We quickly trekked past (and through) the first landmarks, including the fun little tunnels. It was chilly during those first few miles and I was wearing every possible layer.
As we hiked further down the initial switchbacks, it didn't take us long to realize that this hike was unlike any adventure we had ever undertaken. It was pretty intimidating walking downhill and seeing miles of trail laid out in front of you, but a thousand or so feet below you. Of course, seeing all that trail below us was just a constant reminder of the fact that once you get down from the Rim, hiking back up to the Rim is mandatory.See that trail on what looks like the bottom of the canyon? Yeah . . . that's not the bottom . . . Not even close . . . |
The hike past Indian Gardens leveled out considerably and the landscape was much more desert-like than the landscape at the Rim. And, it was considerably warmer. I shed my jacket and my long-sleeve.

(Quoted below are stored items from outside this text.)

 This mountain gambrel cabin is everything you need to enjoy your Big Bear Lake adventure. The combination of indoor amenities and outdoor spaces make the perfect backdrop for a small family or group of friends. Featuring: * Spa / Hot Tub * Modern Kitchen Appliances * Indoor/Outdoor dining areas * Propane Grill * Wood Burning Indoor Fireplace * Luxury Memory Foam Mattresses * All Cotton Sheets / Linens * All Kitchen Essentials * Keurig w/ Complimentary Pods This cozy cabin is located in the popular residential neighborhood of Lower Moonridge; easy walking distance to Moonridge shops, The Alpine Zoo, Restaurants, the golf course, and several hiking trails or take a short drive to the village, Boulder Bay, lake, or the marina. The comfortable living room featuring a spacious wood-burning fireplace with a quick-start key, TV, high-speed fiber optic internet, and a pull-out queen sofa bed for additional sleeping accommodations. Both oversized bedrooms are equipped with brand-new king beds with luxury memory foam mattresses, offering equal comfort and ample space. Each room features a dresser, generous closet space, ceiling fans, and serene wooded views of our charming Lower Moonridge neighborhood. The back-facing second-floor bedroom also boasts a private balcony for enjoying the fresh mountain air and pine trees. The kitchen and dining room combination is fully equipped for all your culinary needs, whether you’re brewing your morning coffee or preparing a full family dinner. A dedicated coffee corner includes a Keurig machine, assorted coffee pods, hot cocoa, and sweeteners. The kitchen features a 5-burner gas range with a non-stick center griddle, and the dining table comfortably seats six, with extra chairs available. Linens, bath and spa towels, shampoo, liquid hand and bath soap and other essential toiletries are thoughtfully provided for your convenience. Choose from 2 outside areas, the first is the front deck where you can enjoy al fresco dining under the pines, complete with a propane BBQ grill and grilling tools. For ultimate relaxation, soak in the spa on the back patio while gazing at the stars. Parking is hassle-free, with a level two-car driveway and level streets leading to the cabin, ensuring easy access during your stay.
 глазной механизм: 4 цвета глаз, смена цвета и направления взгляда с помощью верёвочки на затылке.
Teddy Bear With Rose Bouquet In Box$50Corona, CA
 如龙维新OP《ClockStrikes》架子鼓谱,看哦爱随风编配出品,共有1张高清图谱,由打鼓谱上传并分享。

Originally, we had planned on hiking out to Plateau Point. However, we didn't realize how early we'd arrive at Indian Gardens. With the Colorado River a mere 3 miles away, we couldn't resist. The trail from Indian Gardens to the river, like everything on your way down to the river, was lovely. Although, it was a bit intimidating to look at all those switchbacks and to think about how much "fun" it was going to climb back up them.

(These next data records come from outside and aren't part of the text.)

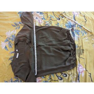 new York & company olive green draped crossover blouse 3/4th sleeve sz s euc
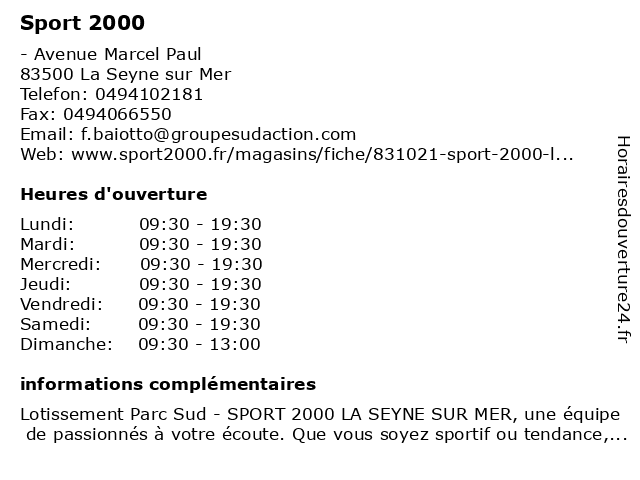 1 Menuiserie 2000 (Distance: 0,63 km) 31 Rue du Luxembourg, 83500 La Seyne-sur-Mer 2000, agencement, aluminium, aménagement, menuiserie, rénovation 2 Twenty Six Sport (Distance: 1,50 km) 20 Rue du Commerce, 83140 Six-Fours-les-Plages six, sport, twenty 3 Dr Philippe Boulard - Médecin du sport (Distance: 1,69 km) 212 Chemin des Delphinium, 83190 Ollioules boulard, consultation, docteur, dr, du, med, médecin, médecine, philippe, sport, traitement 4 Studio IDC - Sport & Danse (Distance: 2,77 km) 1 Avenue Laënnec, 83140 Six-Fours-les-Plages danse, idc, sport, studio 5 Optic 2000 (Distance: 3,36 km) 67 Rue de la République, 83140 Six-Fours-les-Plages 2000, lunettes, optic, santé, solaires 6 Sport Garage (Distance: 4,06 km) 1006 Chemin Saint Roch, 83110 Sanary sur Mer accessoires, automobile, carrosserie, garage, réparation, sport, vente, vidange |
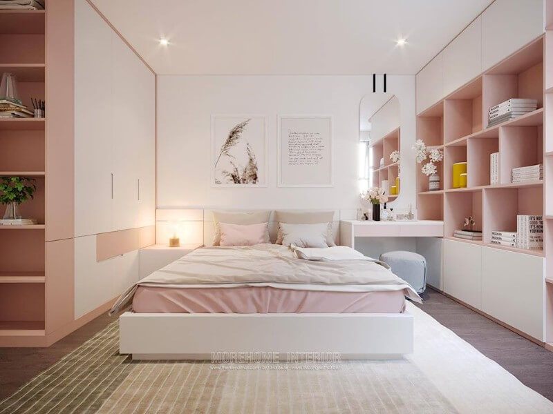 Mẫu thiết kế nội thất phòng ngủ cao cấp với cách bố trí nội thất một cách hợp lí, khoa học mang đến sự nhẹ nhàng, dễ thương với tone màu hồng cho phòng ngủ của bé gái
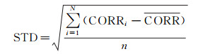 式中,CORR表示每一段段波形相关系数平均值;n表示试验波形数目。相关系数CORR的表达式为

Finally, after lots of switchbacks, trudging down down down, and spending a lot of time trying to ignore the trepidation of the inevitable up-climb, we made it to the river!! I'm pretty sure the river and its surroundings are objectively beautiful. But, it was even more beautiful to us because we had arrived at the halfway point of our adventure!The river was extremely beautiful, but I certainly did not entertain any thoughts of going for a swim given the very powerful currents and rapids.
I'll spare you the details of the climb back to the rim....they're not that pretty. It involved putting one foot in front of the other and a little bit of cursing. There were some spectacular views though....I'll let the images do the talking (because most of the ascent was a blur of exhaustion and dreams of junior bacon cheeseburgers from Wendy's).
I can't wait to update the blog with all the adventures I've had since Grand Canyon. There are a lot of them and each had more incredible sights than the last!!!